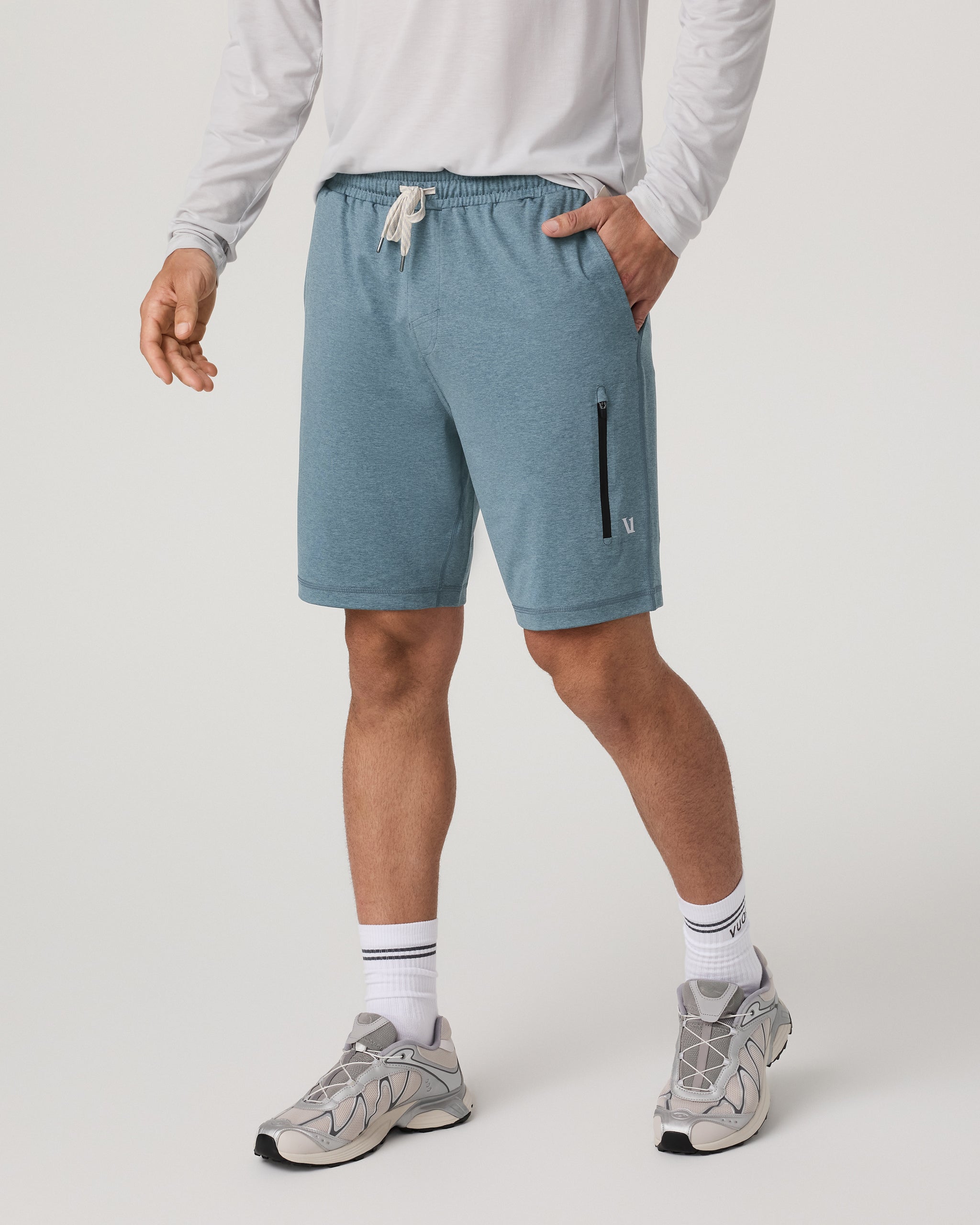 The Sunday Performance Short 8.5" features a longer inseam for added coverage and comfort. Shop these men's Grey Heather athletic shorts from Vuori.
==
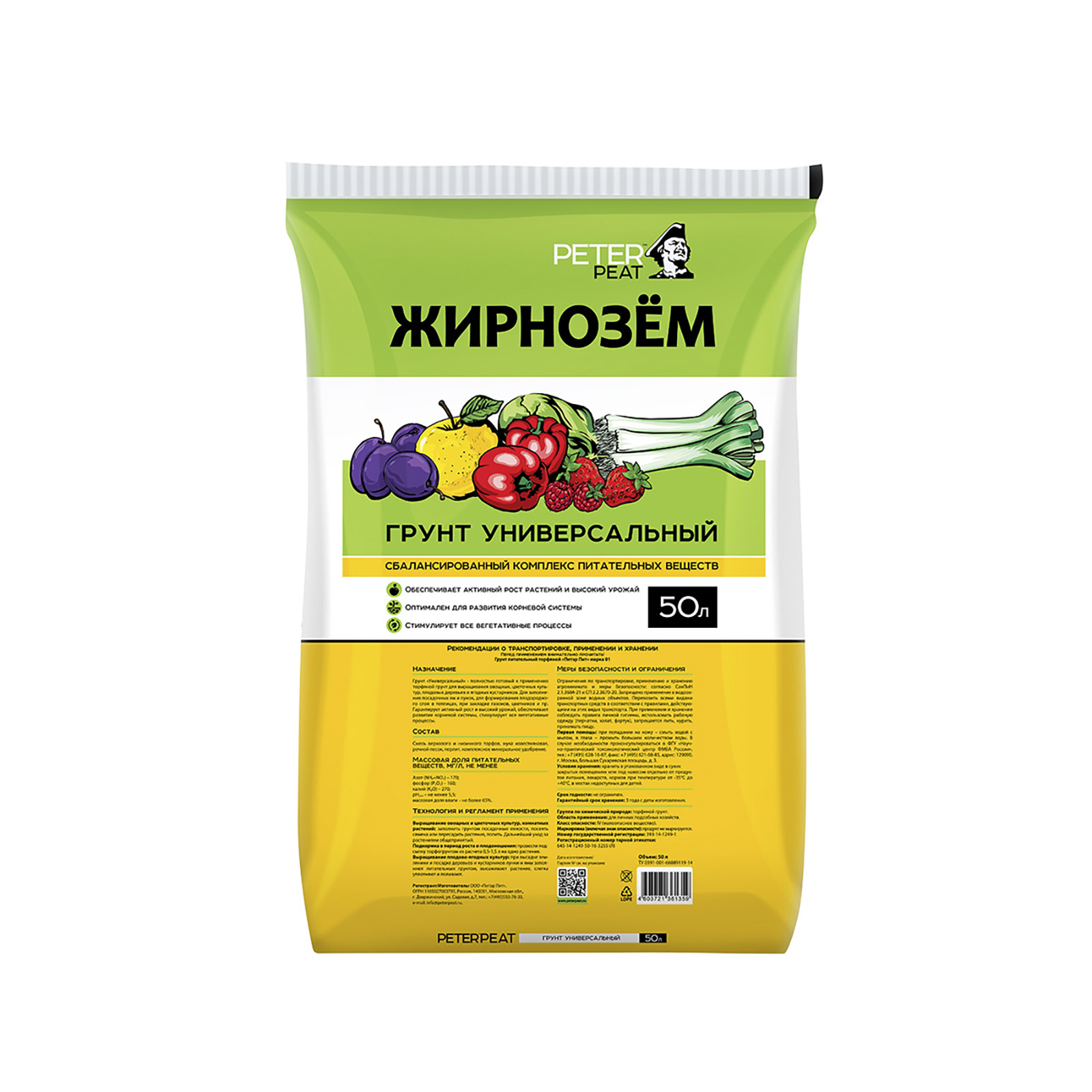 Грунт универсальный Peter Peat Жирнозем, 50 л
--
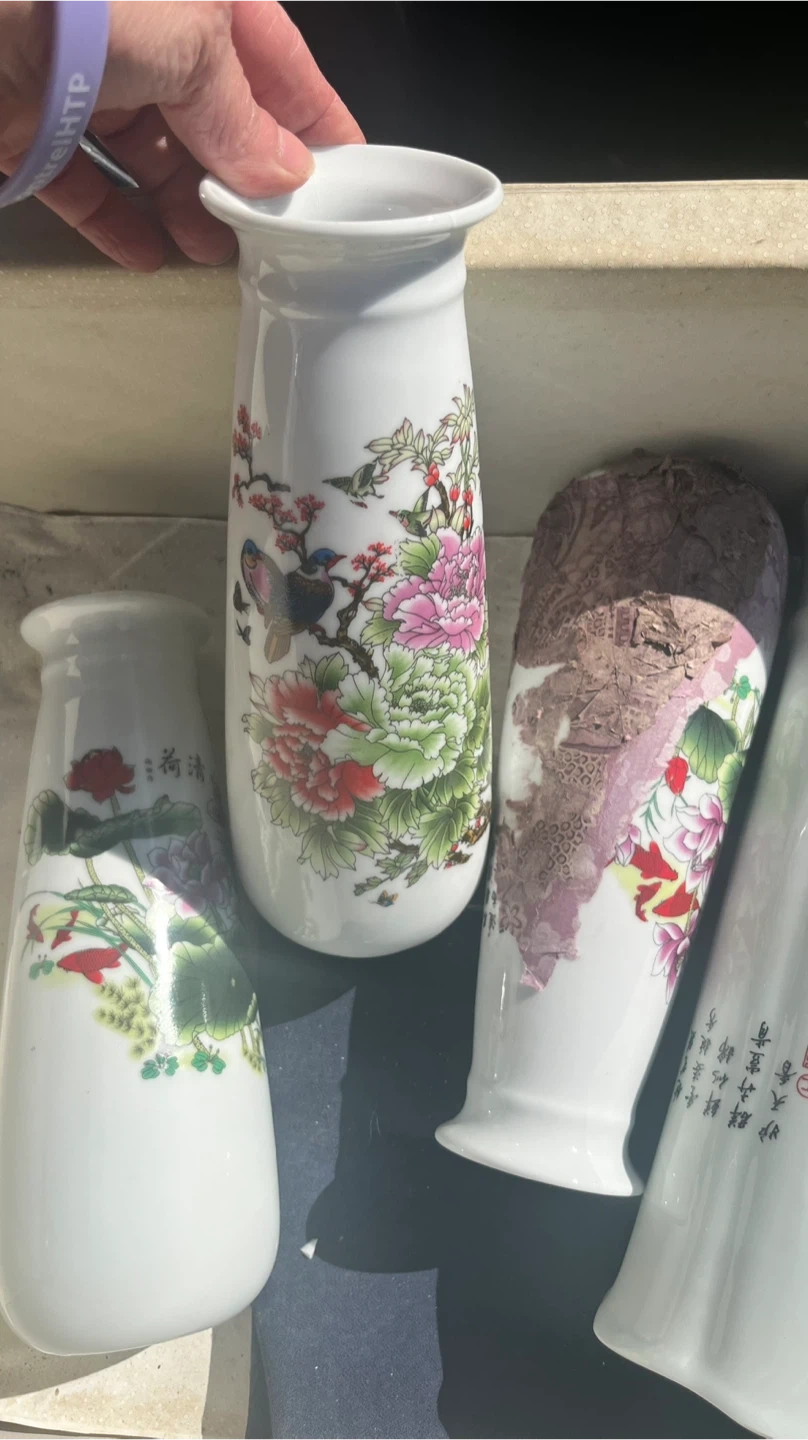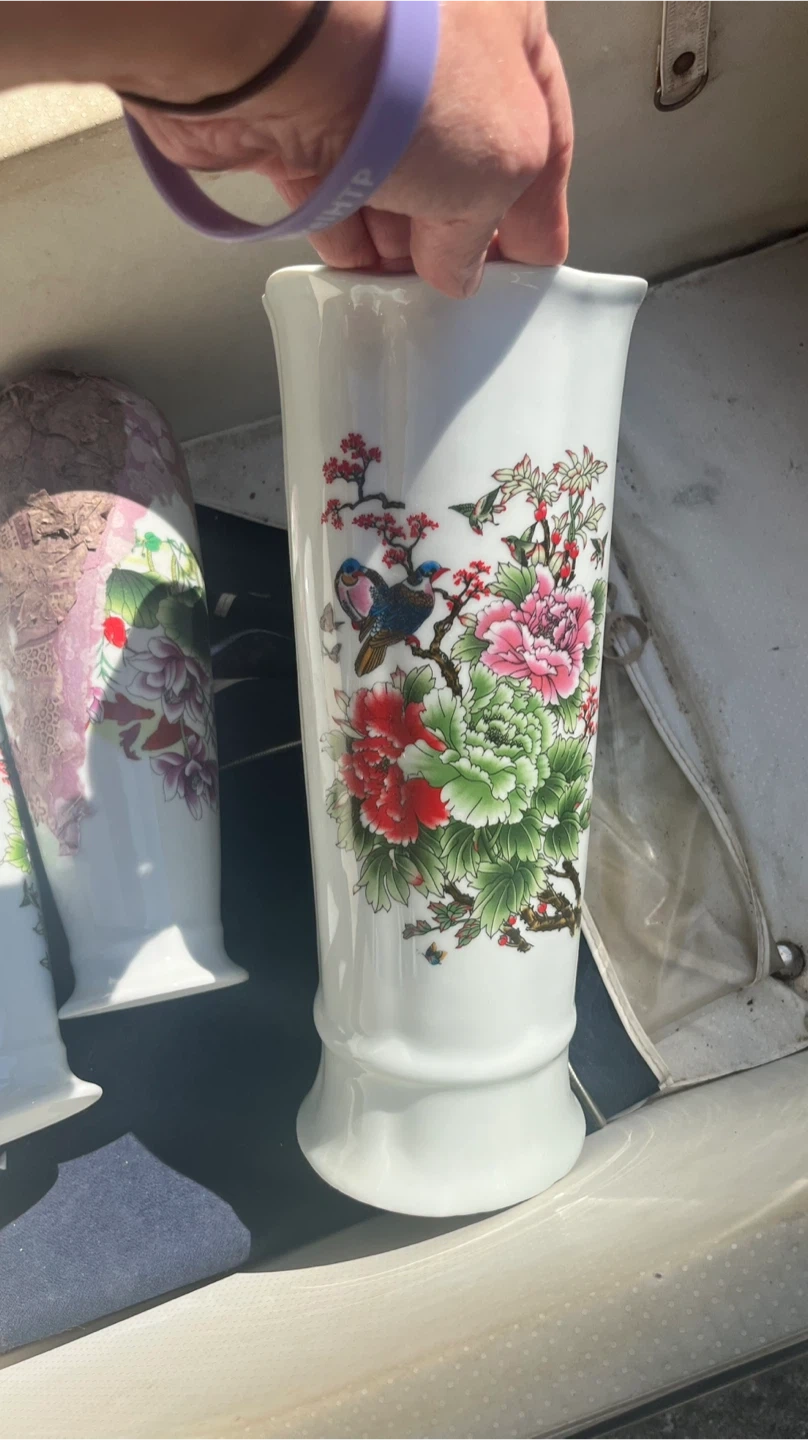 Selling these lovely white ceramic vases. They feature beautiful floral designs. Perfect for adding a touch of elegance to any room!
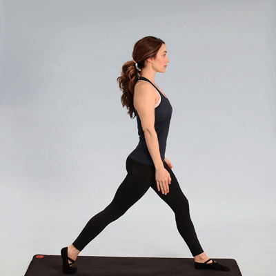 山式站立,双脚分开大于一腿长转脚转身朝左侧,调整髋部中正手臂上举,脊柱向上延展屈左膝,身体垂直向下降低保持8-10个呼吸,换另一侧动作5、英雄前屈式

Assigned task: Word for word, write out the lines above running from the one with "Selling these lovely" up to and including the one with "山式站立,双脚分开大于一腿长". Drop any picture.

Solution to this task:
 Selling these lovely white ceramic vases. They feature beautiful floral designs. Perfect for adding a touch of elegance to any room!
 山式站立,双脚分开大于一腿长转脚转身朝左侧,调整髋部中正手臂上举,脊柱向上延展屈左膝,身体垂直向下降低保持8-10个呼吸,换另一侧动作5、英雄前屈式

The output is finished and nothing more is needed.